──────── EXTRACTED INFORMATION

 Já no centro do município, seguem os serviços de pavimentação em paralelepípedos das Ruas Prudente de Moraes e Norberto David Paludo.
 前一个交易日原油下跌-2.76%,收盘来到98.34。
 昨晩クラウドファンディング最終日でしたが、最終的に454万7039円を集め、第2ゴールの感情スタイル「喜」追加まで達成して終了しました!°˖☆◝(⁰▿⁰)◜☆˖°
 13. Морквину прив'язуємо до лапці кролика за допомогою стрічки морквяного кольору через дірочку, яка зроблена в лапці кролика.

────────────────
──────── EXTRACTED INFORMATION

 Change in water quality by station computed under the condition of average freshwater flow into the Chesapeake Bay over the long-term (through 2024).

────────────────
──────── EXTRACTED INFORMATION

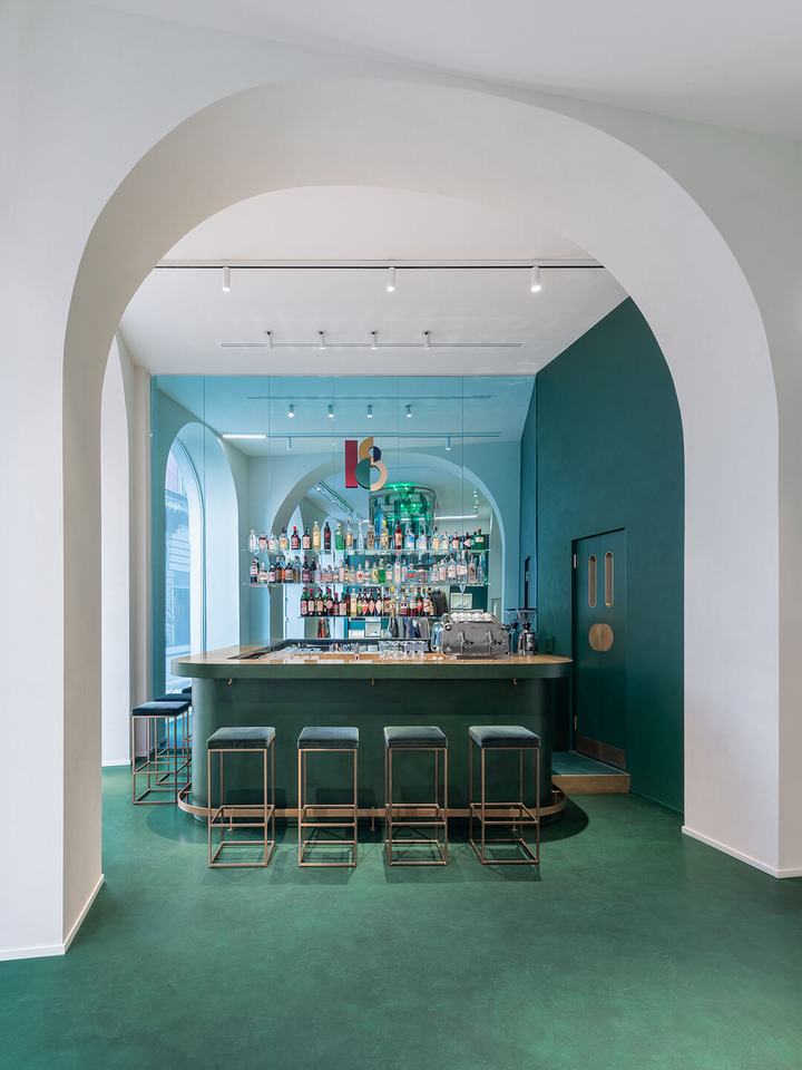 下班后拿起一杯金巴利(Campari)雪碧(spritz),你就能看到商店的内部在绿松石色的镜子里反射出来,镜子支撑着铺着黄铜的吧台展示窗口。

────────────────

Please reproduce exactly the lines in the listing above from the one containing "Já no centro" through the one containing "13. Морквину прив'язуємо", both included, and nothing more.

RESPONSE TO THIS TASK
 Já no centro do município, seguem os serviços de pavimentação em paralelepípedos das Ruas Prudente de Moraes e Norberto David Paludo.
 前一个交易日原油下跌-2.76%,收盘来到98.34。
 昨晩クラウドファンディング最終日でしたが、最終的に454万7039円を集め、第2ゴールの感情スタイル「喜」追加まで達成して終了しました!°˖☆◝(⁰▿⁰)◜☆˖°
 13. Морквину прив'язуємо до лапці кролика за допомогою стрічки морквяного кольору через дірочку, яка зроблена в лапці кролика.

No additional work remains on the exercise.